# Please give feed back of performance!



## lllDUTCHlll (Dec 19, 2013)

Hey guys!

This is a solo I recently did that I was looking to get some feedback on. Any insight would be greatly appreciated!

Thanks!!!

http://www.youtube.com/watch?v=B9anAwxxKQc

Cody


----------



## lllDUTCHlll (Dec 19, 2013)

*Please give feedback on performance! *

Hey guys!

This is a solo I recently did that I was looking to get some feedback on. Any insight would be greatly appreciated!

Thanks!!!

http://www.youtube.com/watch?v=B9anAwxxKQc

Cody​


----------



## lllDUTCHlll (Dec 19, 2013)

*Please rate performance! *

Hey guys!

This is a solo I recently did that I was looking to get some feedback on. Any insight would be greatly appreciated!

Thanks!!!

http://www.youtube.com/watch?v=B9anAwxxKQc

Cody​


----------



## Diablo (Dec 20, 2007)

really well done!
if I had one criticism, its that the song would have been more interesting if the slow part would have come earlier.


----------



## keto (May 23, 2006)

That was really good, there was a lot of melody in there not just shredding for the sake of playing many notes.


----------



## ed2000 (Feb 16, 2007)

My Son played like that 10 - 12 years ago and he was pretty good at it.

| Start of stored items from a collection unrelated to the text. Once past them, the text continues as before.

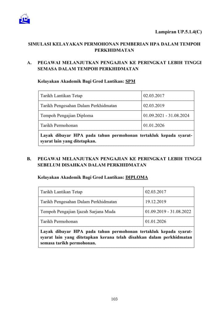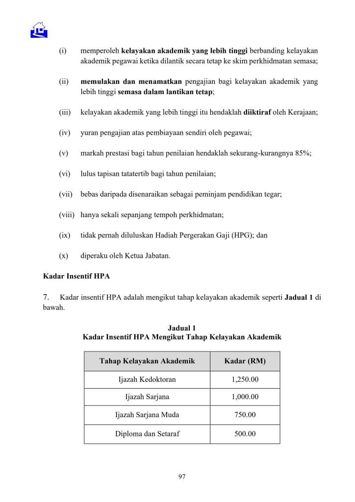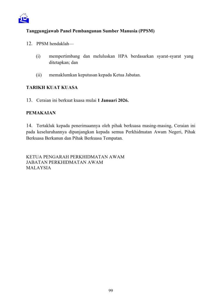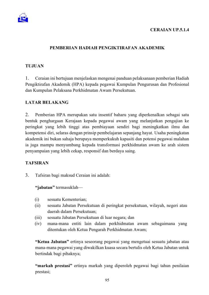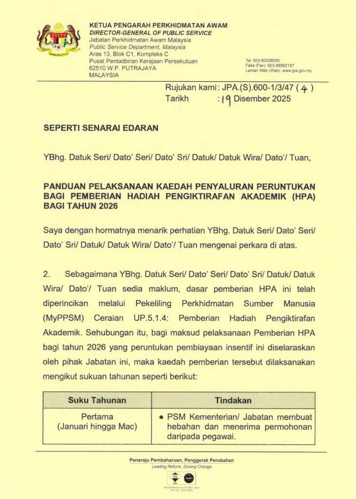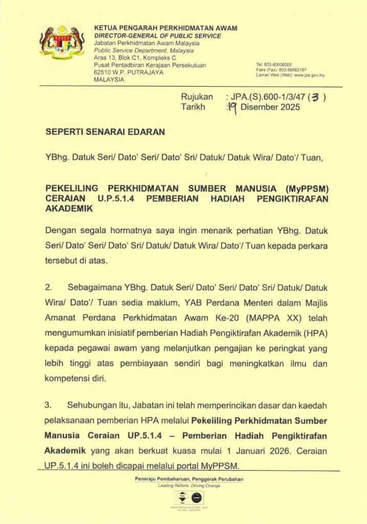 Sehubungan itu, Jabatan ini telah memperincikan dasar serta kaedah pelaksanaan pemberian HPA melalui Pekeliling Perkhidmatan Sumber Manusia Ceraian UP.5.1.4 – Pemberian Hadiah Pengiktirafan Akademik, yang akan berkuat kuasa mulai 1 Januari 2026. Pekeliling tersebut boleh diakses melalui portal MyPPSM.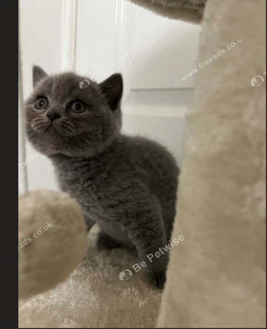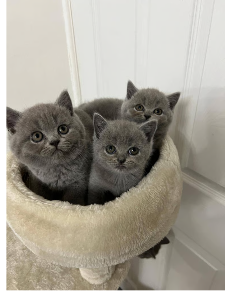 (Two boys and one girl )pedigree Blue British Shorthair kittens are thriving, playful, and brimming with energy. Each kitten boasts a delightful temperament and has been raised in a loving home alongside other cats and children, making them well-adjusted to the sounds of family life. They enjoy both dry and wet food.Their mother is a purebred Blue British Shorthair with a gentle disposition, while the father (stud) is a distinguished gentleman, registered with GCCF and TICA, and is both PKD and PRA negative. These kittens come from exceptional bloodlines, with both parents exemplifying the breed's finest traits. Each kitten is healthy, has undergone a comprehensive veterinary check, and has been treated for fleas and worms. They are also trained to use the litter box and scratch post.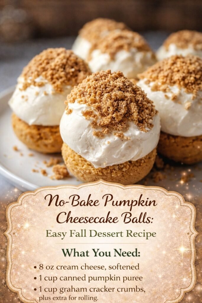 Hereโs a complete, easy, no-bake recipe for soft, creamy, perfectly spiced Pumpkin Cheesecake Balls โ ideal for fall gatherings, holidays,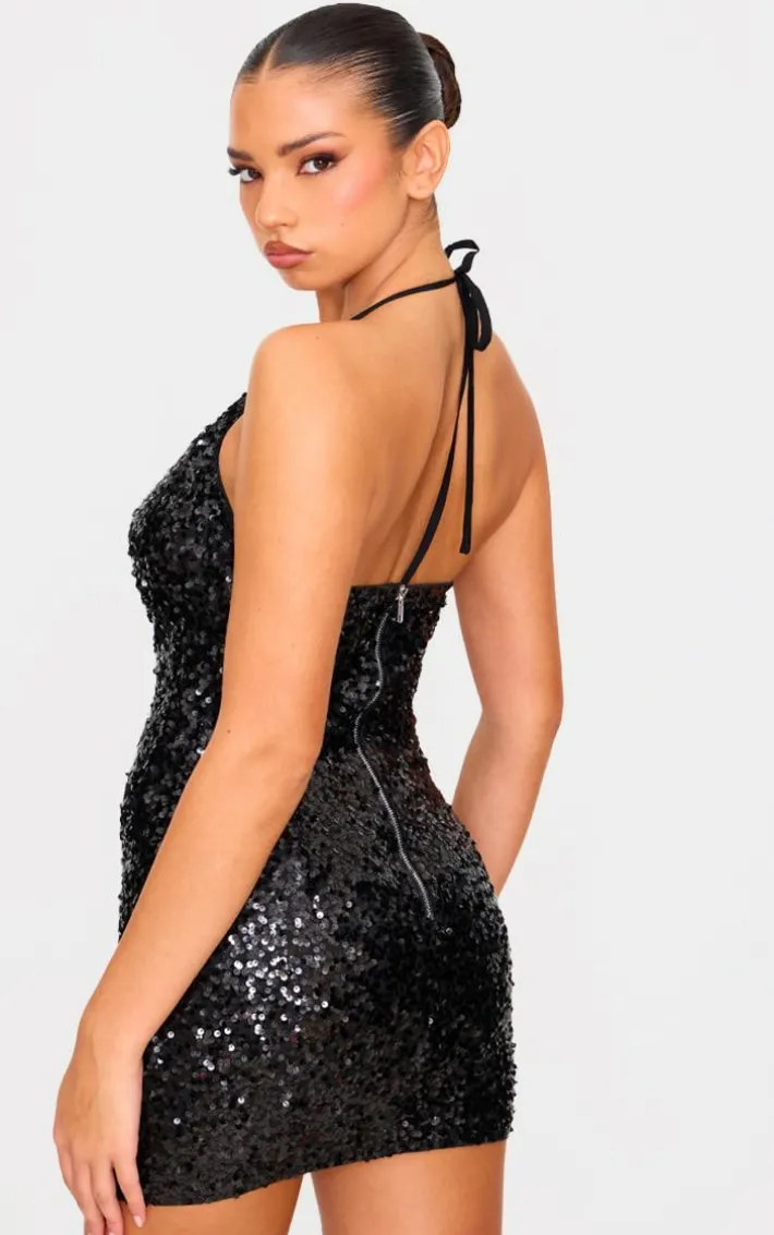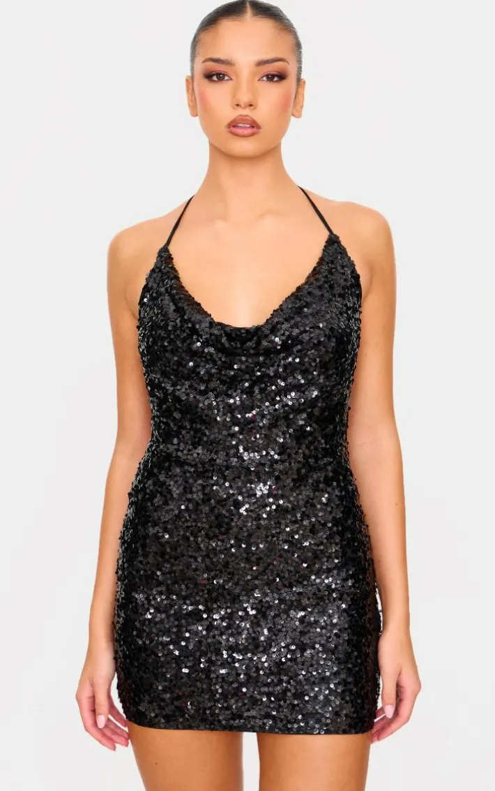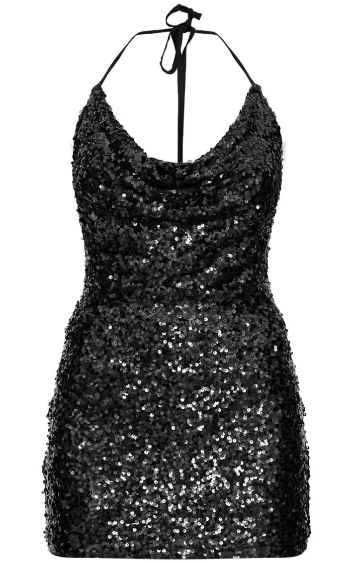 New partywear has landed with this black sequin tie cowl halter neck bodycon dress. Brought to you in a black hue sequin material with a cowl neckline, halter tie fastening and bodycon fit, how can you resist? Team with slip on heels and simple accessories for a look like no other.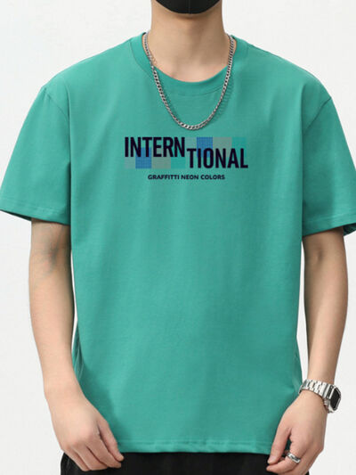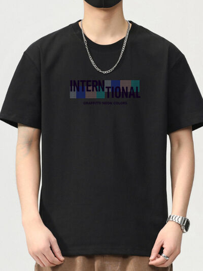 Men's Plus Size Letter Round Neck Short Sleeve T-Shirt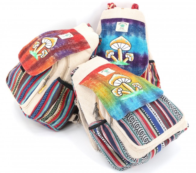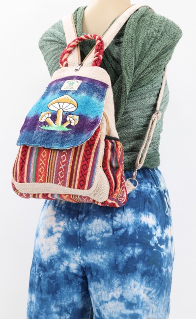 • At Himalaya Handmade we are known for creating the modern Mini hemp backpacks that are now available in a vast array of design and colors. Our Mini backpack with multicolor Aztec pattern which is made from eco-friendly natural hand-woven hemp and cotton fabric which is beautifully handcrafted in Nepal, they are of high quality and our backpacks have everything that you will need. You will not find products of higher quality anywhere else. All of our bags are sourced from the mountainous regions of Nepal and are all 100% Handmade. This backpack features are it has a unique multi colored pocket. Handcrafted this uniquely versatile Backpack comes with 2 pockets on the front both zippered and secured with a Velcro, the larger front pocket also has a zippered anti-theft pocket as well as compartment that can be used to store objects as large as 12 inches, There is also a secret back pocket which is zippered and can be used to contains various items, the bag also comes equipped with 2 water bottle holders. The bag has extremely strong construction, it has strong original two metal zippers on main compartment, soft padded straps and made from 100% Hemp, the entire bag is extremely strong but also breathable. Color of these bag will not be exact because arrangement of the pattern and the nature of these bags being handmade can cause the colors and patterns to be slightly different. Images for this bag are an overall example to what the bag looks like. Every bag is handmade and therefore unique.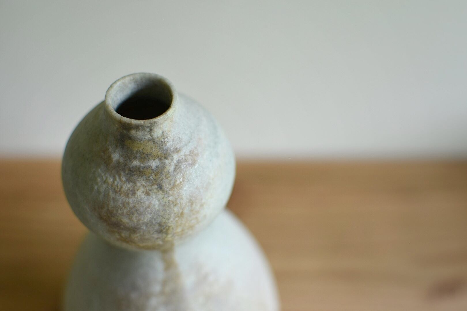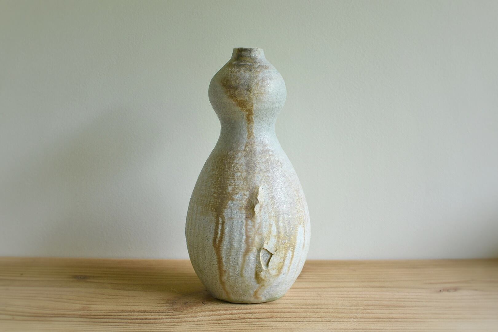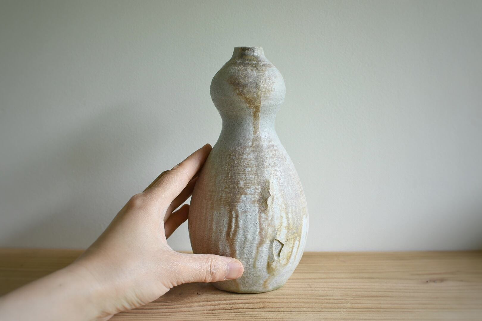 器を流れる自然釉と、しなやかなくびれが美しい瓢花入です。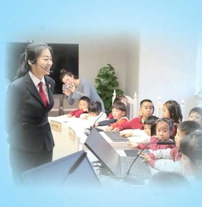 北京三中院組織開放日活動,法院干警(左一)為前來參觀的“小客人”介紹少年法庭。馬國強攝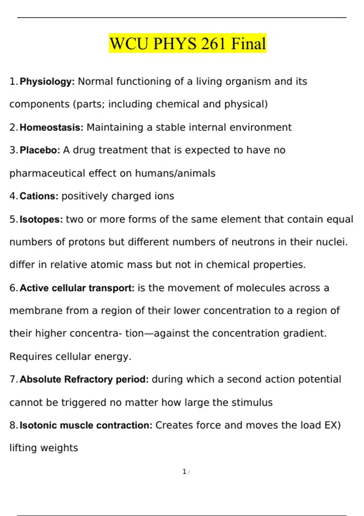 1.Physiology: Normal functioning of a living organism and its components (parts; including chemical and physical)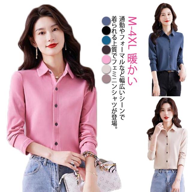 インナー 裏起毛 暖かい レディース 事務服 長袖 ブラウス スリム Yシャツ 秋 裏起毛シャツ 秋冬 シャツ 大きいサイズ ワイシャツ トップス スーツ ビジネス オフィスシャツ フォーマル あったか トップス OL 冬 制服 通勤 大人 シンプル 防寒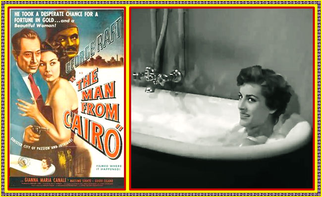 Irène Papas acted as Yvonne Lebeau, a dancer at Cote Bleu, a little nightclub in downtown Algiers in The Man from Cairo (Crime Squad/Dramma nella Kasbah, 1953). Based on story by Hungarian novelist Ladislas Fodor and directed by Ray H. Enright (and Edoardo Anton – uncredited), it was filmed on location in Algeria and Italy. The movie center upon a fortune in gold, lost on the North African desert, which lures a variety of wealth-seekers. After many twists and turns, an American tourist and General Dumont solve the mystery of the lost gold. Although Irène only had a short spell in the earlier part of the movie, George Raft, Gianna Maria Canale, and Massimo Serato in prominent roles had better scope to display their acting talents;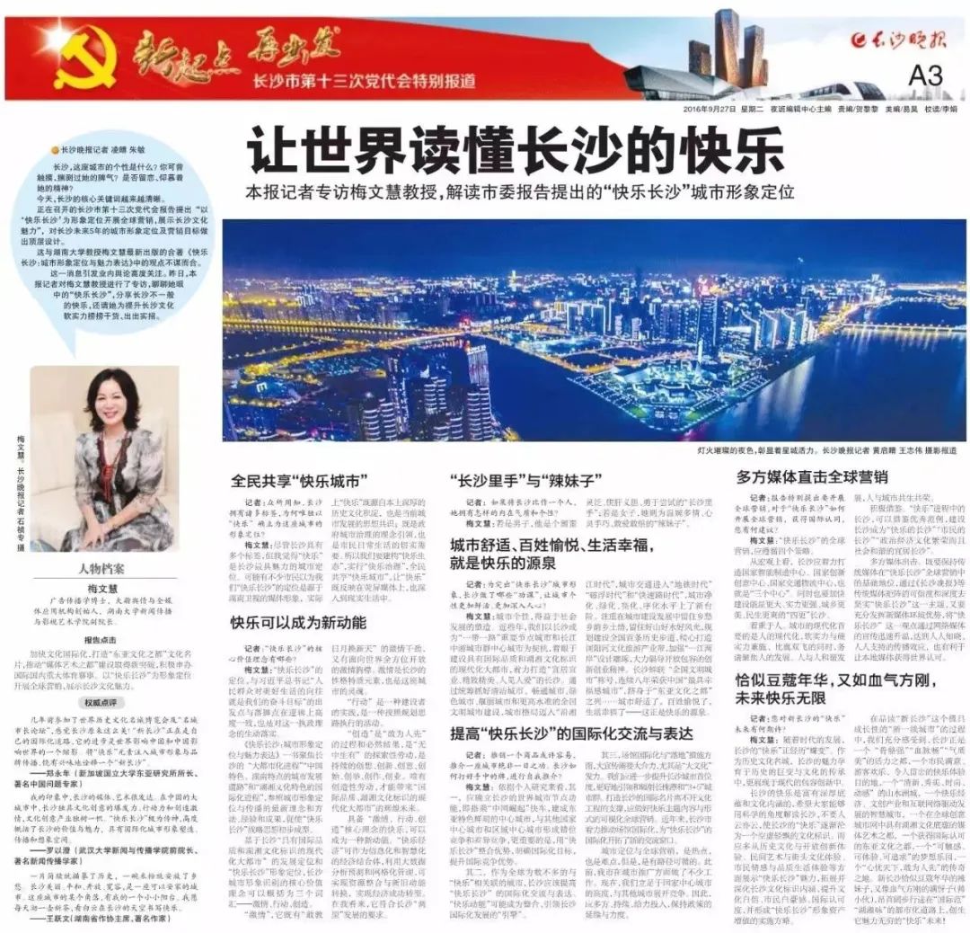 梅文慧教授接受《长沙晚报》专访:解读“快乐长沙”之城市形象定位

A lot of technique and fancy scales going there and obviously you practice a lot. Your solo is not my cup of tea but I enjoyed it none-the-less.


----------



## Guest (Dec 19, 2013)

I like! Reminds me of early Vai. 
But, three threads? one's sufficient.


----------



## sulphur (Jun 2, 2011)

Hey Cody, that was terrific!
Your execution is nice and clean, tastefully done, as keto mentioned.

I checked your other vids, the short one is good too.
Was that you doing the dead lift?


----------



## lllDUTCHlll (Dec 19, 2013)

Thanks guys! And no that was not me doing the deadlift....That was a friend of mine. My deadlift is no where near as gnarly  lol

Thanks again for watching!!!


----------



## surlybastard (Feb 20, 2011)

Sweet ripping man, playing is great!


----------



## bagpipe (Sep 19, 2006)

Too many notes.


----------



## Shark (Jun 10, 2010)

bagpipe said:


> Too many notes.


Too many threads.

It's technically good, but it needs to breathe more. A good solo is like a good story and has dynamics that carry you along in a similar way.


----------



## lllDUTCHlll (Dec 19, 2013)

Thanks!


----------



## lllDUTCHlll (Dec 19, 2013)

Thanks for the reply!


----------



## lllDUTCHlll (Dec 19, 2013)

Thanks for the feedback! And yes I know too many threads - I'm a complete newb to forums. Won't happen again lol

Thanks again!


----------



## cheezyridr (Jun 8, 2009)

not bad, really. the playing was good, and i really liked some of the licks. i don't usually watch new people's vids till they've been here a little while, but that was cool.


----------



## lllDUTCHlll (Dec 19, 2013)

Thanks for watching cheezyridr!


----------